By Carol Bareuther - November 1, 2006 
 
We’ve all been there as parents.

Photo by Matias Capizzano


Thrilled to see our kids take the tillers of Optimists for the first time and sail out into shallow seas unaided. Excited when our kids actually compete in regattas for the first time and beam with the pride of participation. Ecstatic when our young sailors finally put first place medals around their necks. But, what does it take to go to the next step? For that Opti sailor who’s winning all the home island regattas to win the International events held ‘round the world too?


First, you need to decide if this is something that you and your Opti sailor truly want. Some kids get a kick out of being the big fish in a little pond and the self-assurance that comes from this level of sporting endeavor. For parents and clubs, Peter Barclay, Peru-based vice president of the International Optimist Dinghy Association (IODA) who attended the Optimist North American Championships in Ponce, Puerto Rico this summer says, “It’s one thing to start a program and another to get the kids to a high level of competition. Before you do this, you have to travel to small international events in your region and arrange for good coaching.”

 
From the 2019 USODA ODP2 National Meeting
 
This second point, that of traveling to other islands for sailing competitions, takes a time and money investment by the whole family.


For example, one of the first regattas Puerto Rico’s Jose Nigaglioni, Jr. attended outside of Puerto Rico was the Valentine’s Day Optimist Regatta held on St. Croix. This trip was made possible by his father, Jose “Quino” Nigaglioni, Sr., who transported boats and Jose’s fellow sailing friends aboard the family’s 47-foot sailboat, Lady S. “That’s what really launched by son’s sailing career,” Nigaglioni says. Many Caribbean islands host regattas where the Optimist is a featured class. Beyond these smaller inter-island events, two larger regattas held in the region are the Week of Schoelcher in Martinique each February and the Scotiabank Caribbean International Optimist Regatta in St. Thomas, U.S. Virgin Islands each June.
 
The next leap for many Caribbean junior sailors is attendance at the Orange Bowl Regatta held the last week in December out of Miami, Florida. The Orange Bowl is the largest youth regatta held in the U.S., with over 600 sailors from around the world competing. Many Caribbean juniors will also choose to compete in Opti events in Europe as part of planned travel to visit family and friends in a native country.


Third, coaching is key. There are many excellent sailors in the Caribbean who can teach kids how to sail well and win regattas. Yet, to take them into the winning realm of high-level international competition, it takes well-traveled coaches who themselves have participated in this type of event and have ‘head out of Caribbean’ mentalities to know how to prepare kids for the world’s junior sailing stage.


Mauricio Galarce, Lauderdale YC and USNT Coach.
Finding a good coach takes networking and dedication on the part of parents and clubs, but it pays off. Just look at the success story in Trinidad. David Lewis, an Opti dad and president of the Trinidad & Tobago Optimist Dinghy Association (TODA), hired Peru’s Fernando “Happy” Alegre, who began an intensive training program with a handful of Trinidadian sailors. After less than a year of concerted instruction, one of these sailors, Matthew Scott, astounded the junior sailing world by placing an overall 7th at the Optimist World Championships in Ecuador. The following year, Scott scored 2nd overall at the Opti Worlds held in Switzerland.

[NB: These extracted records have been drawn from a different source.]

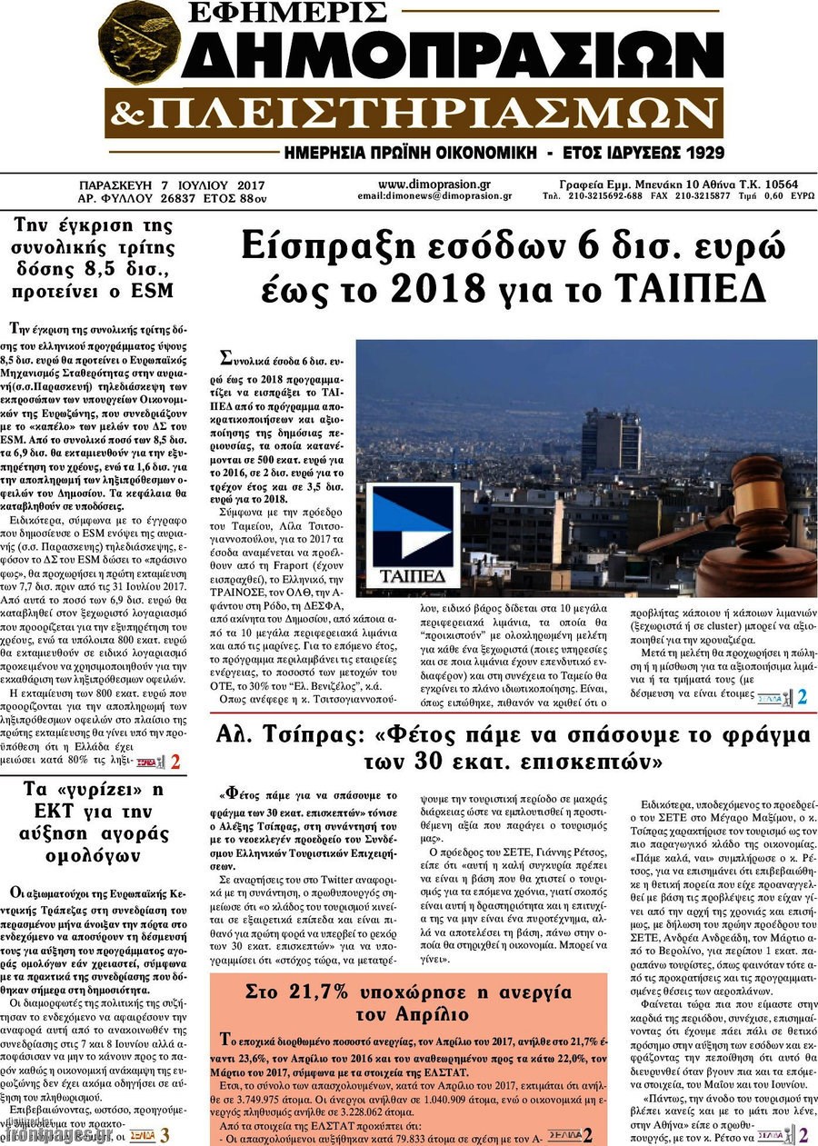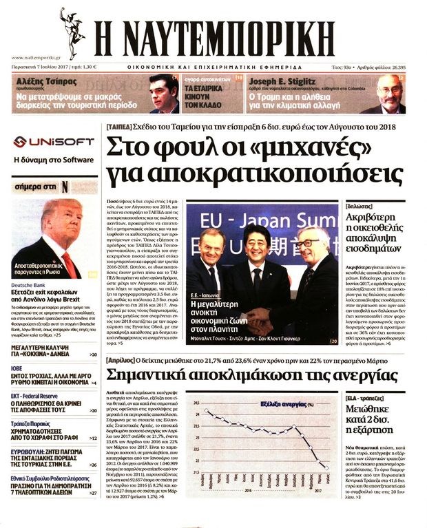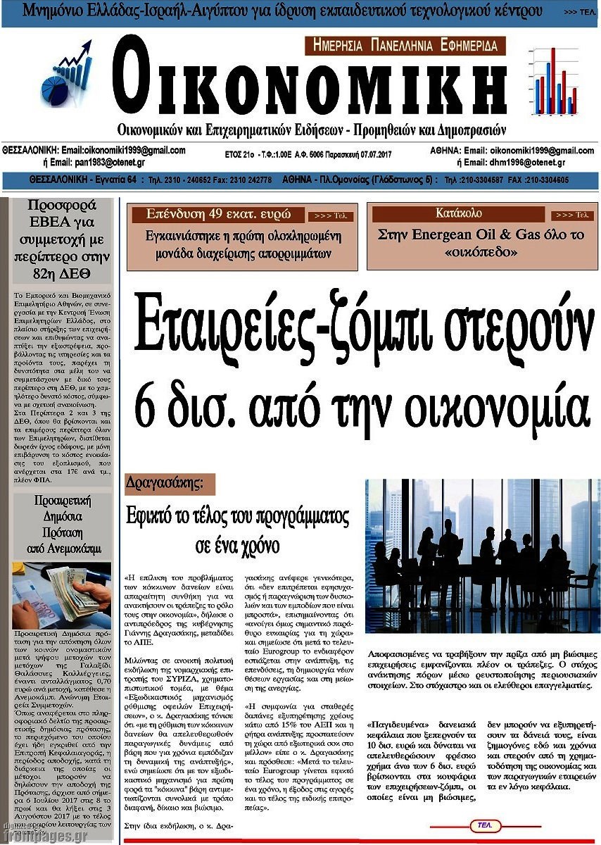 Οι οικονομικές εφημερίδες 7/7/2017 Enikos Newsroom 06:43, Παρασκευή 07 Ιουλίου 2017 Media Διαβάστε τα σημερινά πρωτοσέλιδα των οικονομικών εφημερίδων: ΟΙΚΟΝΟΜΙΚΕΣ ΕΦΗΜΕΡΙΔΕΣ ΠΡΩΤΟΣΕΛΙΔΑ Μοιράσου το: σχολίασε κι εσύ (0 σχόλια) Ακολουθήστε το enikos.gr στο Google News και μάθετε πρώτοι όλες τις ειδήσεις Δείτε όλες τις τελευταίες ειδήσεις από την Ελλάδα και τον Κόσμο στο enikos.gr Ειδήσεις Ροή Ειδήσεων 43 λεπτά πριν Ευρωπαϊκή Ένωση: Χωρίς συμφωνία, για την μακροπρόθεσμη χρηματοδότηση της Ουκρανίας, ολοκληρώθηκε η Σύνοδος Κορυφής στις Βρυξέλλες 4 ώρες πριν ΟΠΕΚΕΠΕ: Προφυλακιστέος ο φερόμενος αρχηγός και ο λογιστής της εγκληματικής οργάνωσης 5 ώρες πριν Αυξάνουν την πίεση προς την κυβέρνηση οι αγρότες: Κλείνουν παρακαμπτήριους και ανοίγουν διόδια – Τι θα γίνει τις γιορτές 5 ώρες πριν Φοινικούντα: Το Σάββατο απολογείται ο 30χρονος γιος γνωστού επιχειρηματία της Πλάκας που παραδόθηκε – Όσα είπε στους αστυνομικούς και ο ρόλος του στο έγκλημα 4 ώρες πριν ΑΕΚ – Κραϊόβα 3-2: Επική ανατροπή και πρόκριση στους «16» του Conference League η Ένωση 5 ώρες πριν Αρχαιολόγοι ανακάλυψαν ρωμαϊκά τεχνουργήματα από μια πόλη που δεν υπήρξε ποτέ – Τα τρία εντυπωσιακά κτίρια και ο αμφορέας με τις… σαρδέλες 6 ώρες πριν Ύπνος: Η απλή βραδινή ρουτίνα για να προστατεύσετε τα μαλλιά σας από το κρύο κατά τη διάρκεια του χειμώνα 7 ώρες πριν Manifesting: Πώς να συναντήσετε τον σύντροφο της ζωής σας, ανάλογα με τον μήνα γέννησής σας 2 ημέρες πριν 20 χρόνια τα Χριστούγεννα ξεκινούν στα Public με μεγάλη ποικιλία σε δώρα! 3 λεπτά πριν Σίσσυ Τουμάση: «Είμαι ασθενοφοβική πάρα πολύ και με πιάνει μια παράνοια μ’ αυτό» 27 λεπτά πριν Ντόναλντ Τραμπ: Δεν χρειάζομαι την έγκριση του Κογκρέσου για να διατάξω στρατιωτικά πλήγματα στη Βενεζουέλα 43 λεπτά πριν Ευρωπαϊκή Ένωση: Χωρίς συμφωνία, για την μακροπρόθεσμη χρηματοδότηση της Ουκρανίας, ολοκληρώθηκε η Σύνοδος Κορυφής στις Βρυξέλλες 58 λεπτά πριν GNTM: «Κλείδωσαν» οι τέσσερις φιναλίστ – Μεγάλη ανατροπή στις τελευταίες αποχωρήσεις 1 ώρα πριν Γιώργος Μαζωνάκης: Αποθεώθηκε στην πρεμιέρα του στην «Ακτή Πειραιώς» λίγες ώρες μετά τις καταγγελίες – «Είμαι αληθινός», είπε με νόημα ENIKOS NETWORK Σε περίοδο αυξημένης δραστηριότητας η γρίπη στην Ελλάδα-Μέτρα προστασίας από τον ΕΟΔΥ Σκέφτεστε συνέχεια συζητήσεις που έχετε κάνει; Τι σημαίνει αυτό, σύμφωνα με ειδικό Στεγαστικό: Τι λέει η ΠΟΜΙΔΑ για τα νέα μέτρα που ανακοίνωσε ο Κυριάκος Μητσοτάκης Λαγκάρντ: Αισιόδοξη για την ανάπτυξη της Ευρωζώνης, αβέβαιη για τον πληθωρισμό Χαρτογραφώντας το «σημείο χωρίς επιστροφή»: Για πρώτη φορά αποκαλύπτεται με λεπτομέρεια το ακανθώδες όριο της ατμόσφαιρας τ... Η Google καταργεί τη λειτουργία «dark web report» – Πώς θα μπορούν οι χρήστες να διαγράφουν τα δεδομένα τους περισσότερα 02:50 , Παρασκευή 19 Δεκεμβρίου 2025 GNTM: «Κλείδωσαν» οι τέσσερις φιναλίστ – Μεγάλη ανατροπή στις τελευταίες αποχωρήσεις Για προτελευταία φορά εμφανίστηκαν στο πλατό του GNTM οι φιναλίστ του φετινού κύκλου, το βράδυ... 17:45 , Πέμπτη 18 Δεκεμβρίου 2025 ROUK ZOUK: Εορταστικό επεισόδιο με καλεσμένους τους πρωταγωνιστές του «Γιατί ρε πατέρα» Το Σάββατο 20 Δεκεμβρίου στις 21:00, η Ζέτα Μακρυπούλια υποδέχεται εκλεκτούς ηθοποιούς που όλο... 17:20 , Πέμπτη 18 Δεκεμβρίου 2025 Άγιος έρωτας: Η Χριστίνα εξομολογείται στον πατέρα Νικόλαο, απόψε στις 21:00 στον Alpha Η Νότα αποφασίζει να εκδικηθεί τον Πέτρο και τον Στέφανο, για χάρη του Λούη, όμως τα πράγματα ... 16:50 , Πέμπτη 18 Δεκεμβρίου 2025 Ν
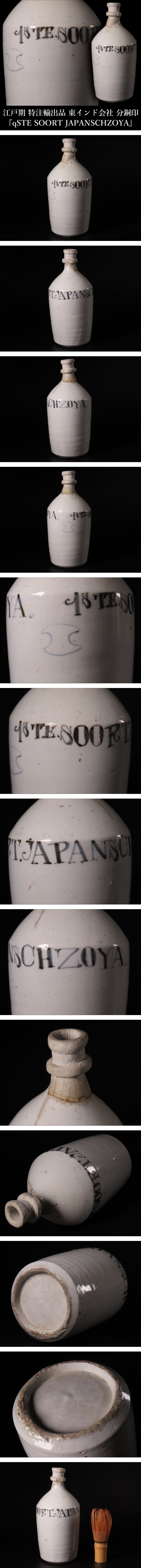 【ONE'S】江戸期 特注輸出品 東インド会社 VOC 分銅印 『qSTE SOORT JAPANSCHZOYA』 コンプラ瓶 高20cm 蘭瓶 醤油瓶 花瓶 飾壷 古美術品 | |||
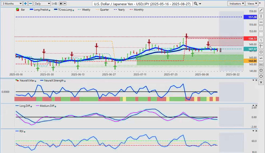 But for now, it’s still a loose buy signal here in VVP. Their core indicators, their trending indicators, and their contrarian indicators are suggesting that there’s more upside potential here than downside. But I would argue, respectfully again, that we are between the monthly opening price at 150.77 and the quarterly opening at 144.04. That is a true range to deal with here, guys. That’s where we’ve been basically the entire month—trapped between these two levels. And right now, we are almost right on the 50% mark of this particular range.
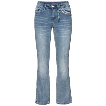 • Used-Waschung und leichte Destroyed-Effekte • Aufwändiges Label mit Pailletten hinten am Bund • Kleiner Anhänger vorn • Bequeme Stretchqualität • Unterstützt „Cotton made in Africa“ Leger durch den Alltag mit der Bootcut-Stretch-Jeans von sheego by Joe Browns. Starke Used-Waschungen und leichte Destroyed-Effekte sorgen für einen coolen Look. Besondere Hingucker bilden ein kleiner abnehmbarer Anhänger vorn und ein aufwendiges Label mit Pailletten am hinteren Bund. Zusätzlichen femininen Charme erhält die Five-Pocket-Jeans durch verspielte Details an den vorderen Taschen. Mehr zur Passform Die Bootcut-Form lässt das Bein länger wirken, die normale Bundhöhe überspielt die Taille. Mehr zum Material Die bequeme Stretch-Qualität überzeugt durch ihr angenehmes Tragegefühl.
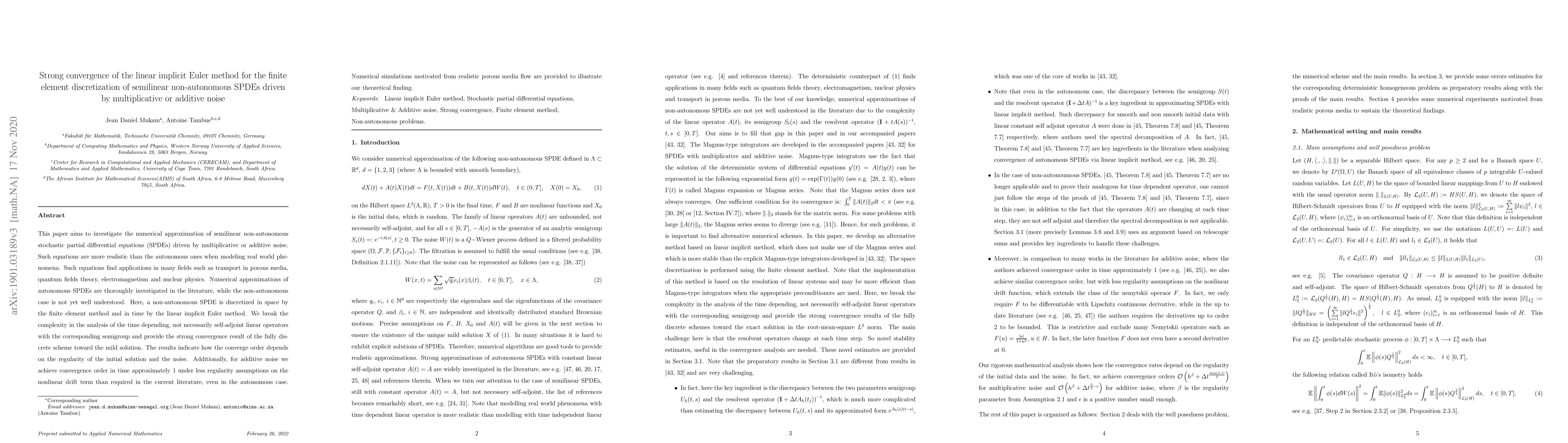 This paper studies the strong convergence of the linear implicit Euler method for finite element discretization of semilinear non-autonomous SPDEs with multiplicative or additive noise. It provides strong convergence results and analyzes the dependence of convergence order on initial solution regularity and noise type.
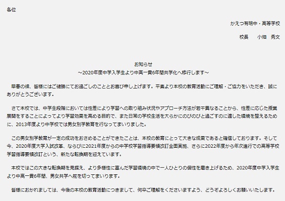 学校発表には、「2020年度大学入試改革、ならびに2021年度からの中学校学習指導要領改訂全面実施、さらに2022年度から年次進行での高等学校学習指導要領改訂という、新たな転換期を迎えています。本校ではこの大きな転換期を見据え、より多様性に富んだ学習環境の中で一人ひとりの個性を磨き上げるため、2020年度中学入学生より中高一貫6年間、男女共学へ舵を切ってまいります」とあります。
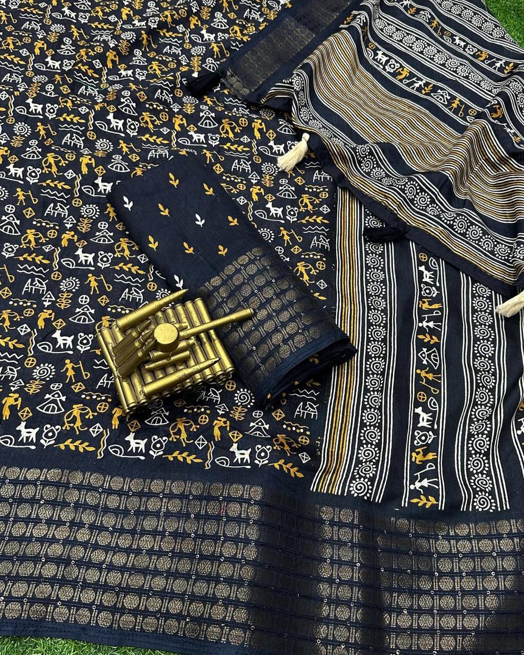Soft Dola Silk Kalamkari Print Saree with Sequin & Zari Border | Printed Blouse – Swaraas
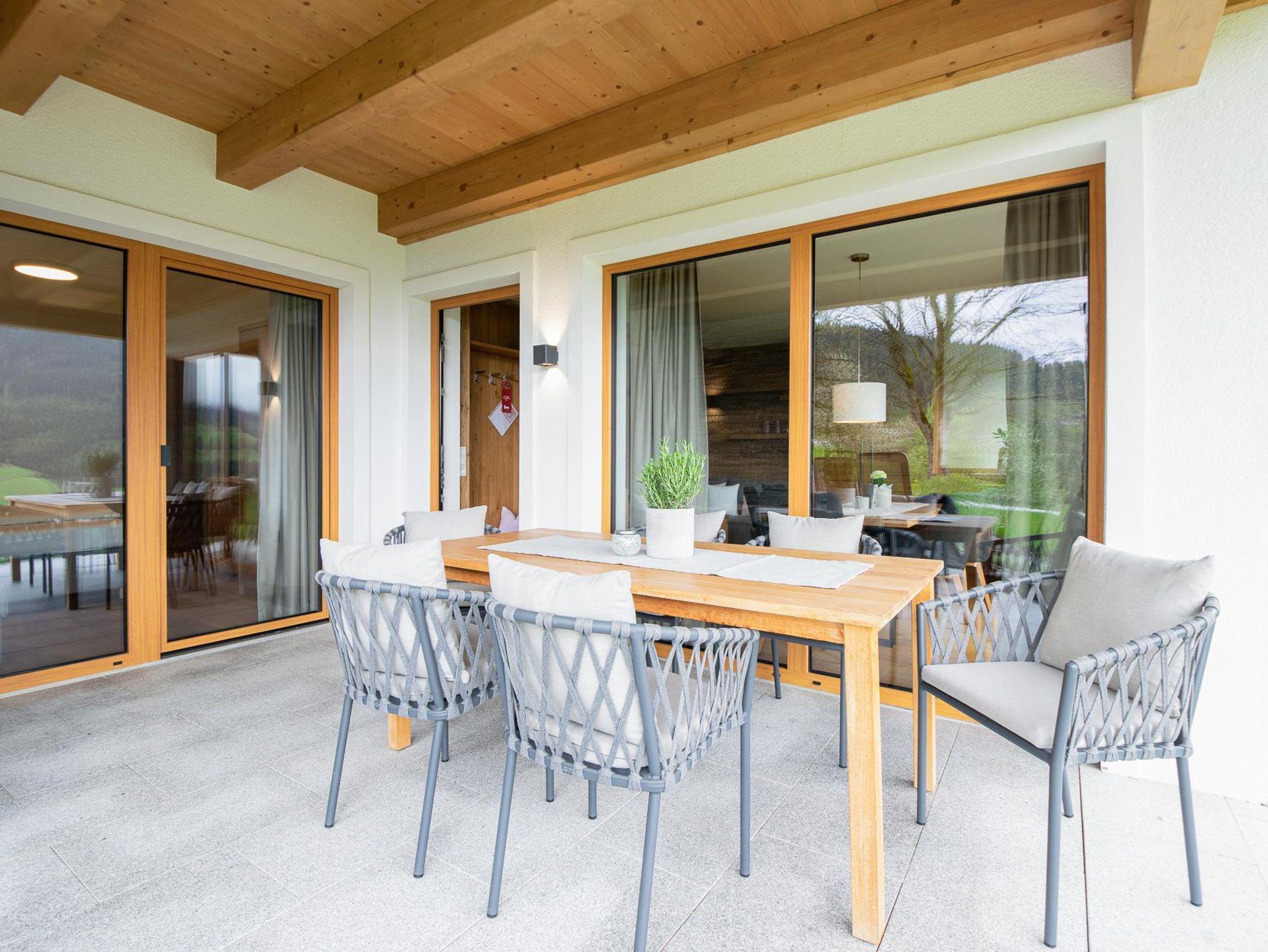 Nach einem aktiven Tag wartet Ihre private Terrasse mit einem einmaligen Blick auf den Hochkönig auf Sie. Machen Sie es sich gemütlich und genießen Sie die letzten Sonnenstrahlen des Tages – ein Sonnenuntergang zum Träumen.

The question of ‘what makes a good Opti sailor great?’ was put to three South American coaches who have trained or currently train kids in the Caribbean and their answers are insightful.

Agustin “Argy” Resano, who is coaching a team of five kids in the U.S. Virgin Islands in preparation for the Opti Worlds in Uruguay at the end of the year, says, “It’s a big step going from a good Opti sailor to a great one. This last step can only be achieved by the sailor.


“In the Optimist class, sailors usually start at the age of eight, so they are really young. They sail because they like it, but mostly because their parents are supportive. Then they reach the ages of 11 to 13, which I think this is a critical stage for kids. Now is when you really see if the sailor wants to be a great sailor. The parents are still supportive of the kids, but at this stage the kid has to step forward and demonstrate the self motivation and commitment to become a great Opti sailor. No matter how hard you want a kid to perform well, if the kid is not into it, it will never happen,” Resano says.

Alegre agrees: “A coach can guide a young sailor but the desire to win has to come from the kid him or herself. Natural talent is important but that desire to win, that focused determination to win, is all important.”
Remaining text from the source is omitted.